I always found it odd that Holmes would take this view. I agree with Adam that it does indicate a lack of intellectual curiosity.

In the interest of full disclosure, I’m just going to go ahead and admit that I have no idea who Thomas Carlyle is.

I see the sun almost every day, true. But how often do I personally see the earth go around it? Considering that for thousands and thousands of years of human history the best and brightest of humanity didn’t figure out the solar system was heliocentric (epicycles anyone?) I hardly consider it some self-evident fact that any idjit can be reminded of by observation.

All the folks professing how sad this it, do you think it a failure of humanity to have this “lack of intellectual curiosity” about the world around them? Or perhaps a failure of our education system?
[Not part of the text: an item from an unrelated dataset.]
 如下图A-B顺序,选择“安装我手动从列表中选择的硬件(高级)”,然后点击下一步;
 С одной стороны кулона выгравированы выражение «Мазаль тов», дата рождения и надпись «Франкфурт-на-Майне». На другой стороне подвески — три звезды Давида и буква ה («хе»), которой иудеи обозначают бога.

When I was in university, it bothered me a lot that people seemed so profoundly incurious to knowledge and indifferent to the great issues of the day. Today, with more experience with people from varied academic settings, I am far more annoyed with the postmodernist-type claims of otherwise well-educated and intelligent people that “Western” science and knowledge is subjective and culturally-based.

And I’m not just talking about arts students in leftish Western universities either, you should hear what some Chinese university students have to say about Western science.
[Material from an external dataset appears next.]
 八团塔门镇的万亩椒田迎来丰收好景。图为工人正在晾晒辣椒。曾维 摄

And these idiots don’t even know what the difference is between Windows 95, Windows ME, and Windows XP either! LOL!!11! I mean serious big time LOSERS!!1! HOW CAN YOU NOT KNOW THIS STUFF PEOPLE?

</sarcasm>

I’m agreeing with Nick. There are certainly things which are somewhat fundamental to 99% of our knowledge, but astronomy isn’t one of them. Also, I couldn’t find the data that the blahgers used in the linked articles, specifically the data from the “GSS science module”.
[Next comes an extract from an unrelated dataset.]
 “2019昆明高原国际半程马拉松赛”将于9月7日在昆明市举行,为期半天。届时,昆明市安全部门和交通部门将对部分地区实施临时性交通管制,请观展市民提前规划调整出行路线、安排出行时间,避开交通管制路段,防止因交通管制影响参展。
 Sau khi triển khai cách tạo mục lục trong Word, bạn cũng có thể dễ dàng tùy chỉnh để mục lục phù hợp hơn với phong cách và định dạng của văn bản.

I don’t know, in a time when supposedly edumacated people think the earth is 6,000 years old and noah carried dinosaur eggs around with him is it really that surprising that “ignorant” people don’t know/realise that the earth is fla… revolves around the sun?

Everyone knows Noah didn’t carry dinosaur eggs. First, he needs one of each sex, how could he know what sex the dinos would have been?

Secondly, dinosaurs are an invention by scientists to trick us into doubting the bible.

You see a computer monitor every day, how often do you see the electricity go into it? Would you feel the same way if one in four Americans thought computers ran on magic? What if one in four Americans thought the sun was Apollo’s chariot? What if one in four Americans thought the moon was made of cheese? What if one in four Americans didn’t believe that China exists? Certainly, far fewer have ever been there.

You’re arguing that any and all learning or progress the human race has made is pointless and irrelevant if it’s of no use on my daily commute. Why should I care if the Earth is flat or not? Why should I care if there are oceans? Why shouldn’t I drink that bottle of Dran-O? Why should I give a shit about anything I can’t see from my house? Why should I care about anything that doesn’t affect me personally?

Why should I bother knowing the correct answer to any question? Who the fuck cares?!

Electricity is a thing people work with every day. Not in a hands on way, hopefully, but we certainly flip enough switches on and off and plug/unplug enough things to need a little knowledge of electricity :)

It’s probably more than 1/4. They don’t call it magic, but they have no idea how the things work.

Now you are just moving the goalposts and being silly. We aren’t talking about people willfully believing strange myths, we are talking about some people misremembing a piece of science trivia.

Nope, but nice try at restating my point in absurd terms. I’m arguing that many pieces of scientific trivia are irrelevant to a majority of people. This is the day and age of google and wikipedia, if someone needs a piece of trivia it’s readily available ;-)

That’s so absurd I’m not going to respond to it. Suffice to say that those questions don’t have anything to do with what I was talking about.